Первый солнечный луч нового дня коснулся глаз спящей Татьяны.
“Опять штору не задернули вчера вечером” — с досадой подумала она, просыпаясь.
— Проснулась, дорогая? — услышала она нежный шепот мужа и почувствовала его взволнованное дыхание. Неописуемое блаженство разлилось по всему телу. Такого с ней ещё не было за всю многолетнюю близость с мужем в течение всей их совместной жизни. Она открыла глаза и глянула на него. Он улыбался, в его улыбке светилось счастье, и вновь в глазах заиграли лучики, которые угасли за прошедшие месяцы болезни дочери.
— Я ждал, когда ты проснешься, дорогая. Он потянулся к ней. Его непривычные ласки разжигали в ней незнакомый доселе огонь. Она отдалась во власть нахлынувших чувств, будто происходило все это с ней впервые. Его ласкающие пальцы скользили по роскошному телу, его горячие губы обжигали бархатистую кожу. Его дыхание пьянило.
— Олесь! — наконец-то, выдохнула она. — Я думала, что у нас никогда уже такого не будет. Мне казалось, что ты разучился любить.

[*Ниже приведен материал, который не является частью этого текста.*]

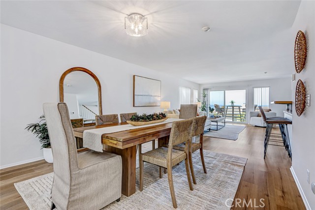 Experience coastal living at its finest in this stunning 3-bedroom, 3.5-bath townhome in the heart of Hermosa Beach, offering breathtaking panoramic ocean views. Tucked away on a private cul-de-sac with only four side-by-side residences, this home feels like a single-family retreat. Sunlight pours through expansive floor-to-ceiling windows, filling the home with natural light and highlighting the beautiful ocean vistas. The main living level features an open-concept living room with a large ocean view deck perfect for entertaining. This living area opens to the dining area and a remodeled kitchen with high end stainless steel appliance and picture windows overlooking the spacious grassy backyard—an uncommon and highly desirable feature for beach living. The generous family room opens directly to the backyard, creating the perfect indoor-outdoor flow for relaxing or entertaining. Upstairs, three large bedrooms each offer their own en-suite bathrooms, providing comfort and privacy for family and guests. The impressive primary suite features a private ocean-view deck and a beautifully upgraded bathroom with dual sinks, a soaking tub, and a large walk-in shower. Additional upgrades include newer luxury vinyl flooring throughout, fresh paint, and stylish new light fixtures. With two ocean-view decks, a large backyard, and a prime location just a short distance to the beach, pier, shops, and restaurants, this home offers the very best of Hermosa Beach living at an exceptional value.
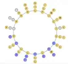 The mature protein contains two nuclear localization signals, pat4 and pat7.[16] There are four dileucine motifs, three located within or close to the GRAM domain.[16] A leucine zipper pattern extends through a majority the transmembrane region.[16] A SUMOylation site is located directly after the VASt domain.[17] The proteins secondary structure consists of alpha-helices, beta-strands and coils.[18] Beta-strands are mainly located within the two domains, while the alpha-helixes are concentrated near the transmembrane region. Three disulfide bonds are predicted throughout the protein.[19]
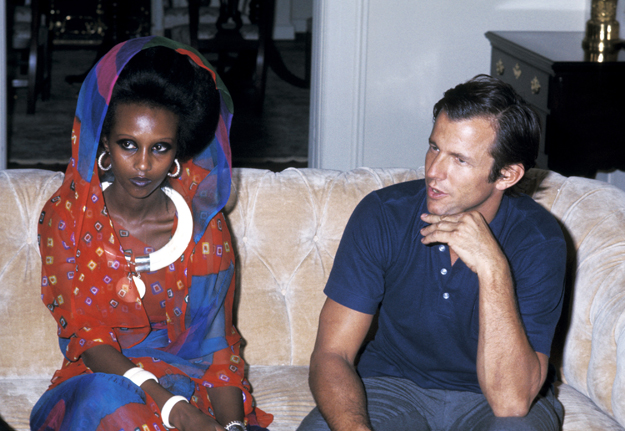 Iman was the daughter of a diplomat father and a gynecologist mother. Fluent in five languages, the model and successful entrepreneur was a student studying political science at Nairobi University when she was discovered by American photographer Peter Beard (pictured with the model above).
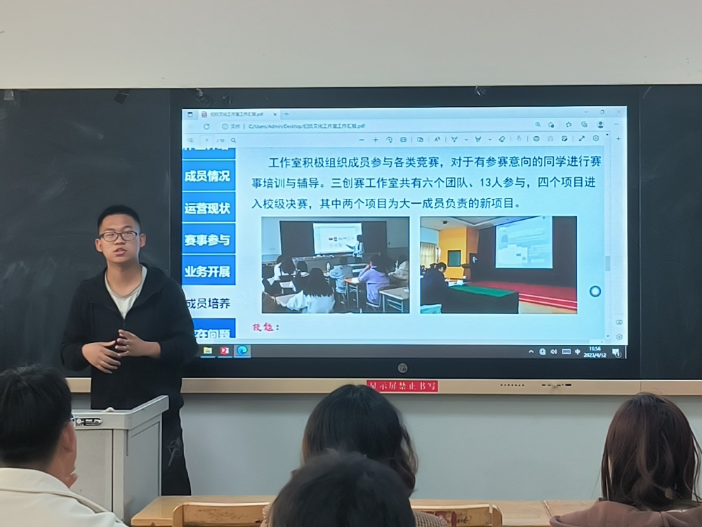 为进一步落实我校兰州工商学院众创空间“创新引领创业、创业带动就业”的工作目标,加强各入孵企业沟通协调能力,营造良好的创新创业氛围,2023年4月12日下午16:30在2号教学楼107教室,兰州工商学院兰州工商学院众创空间成功举办了入孵企业工作会议。大学生创新实践中心宋宁馨老师、各入孵企业负责人共16人参加会议。
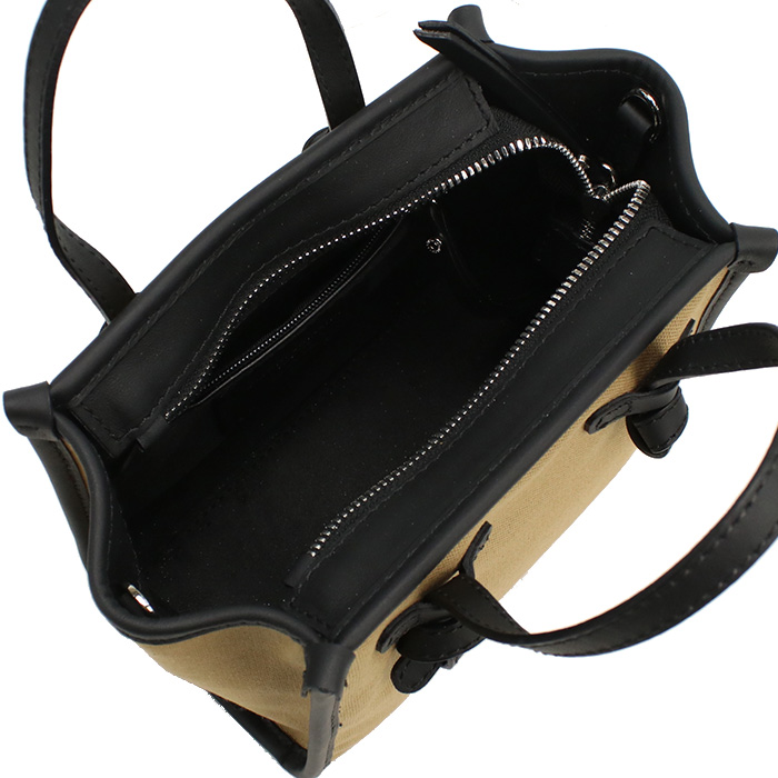 | 仕様 | ファスナー開閉 内側: オープンポケット×1 ファスナーポケット×1 肩掛け不可 ショルダー取り外し可 A4サイズ収納不可 生産国:イタリア |

— Прости, дорогая! Я сам не могу поверить в это. Мне кажется, что мы с тобой в хорошем сне. Давай, Танюша, не будем просыпаться.
Она застонала под натиском его ласк. Время остановилось для них. Реальность на какое-то время перестала существовать. Они отдались во власть безумию любви. Потом долго лежали, не разжимая объятий, наслаждаясь, близостью друг друга. Их дыхание постепенно приходило в норму, возвращая им способность мыслить и говорить.
— Знаешь, Танюша, я ведь сам думал, что для меня все потеряно. Теперь обещаю, мы наверстаем упущенное. Смотри! — и он указал глазами на низ живота.
Она глянула и покраснела от смущения.
— Олесь, это не ты. В тебя вселился какой-то бес.
— Плохой или хороший?
— Скорей всего хороший.
— Тогда иди скорей к этому хорошему бесу!
И новая волна страсти охватила их, как бы наверстывая упущенное. Солнце от смущения спряталось за тучу и долго не появлялось.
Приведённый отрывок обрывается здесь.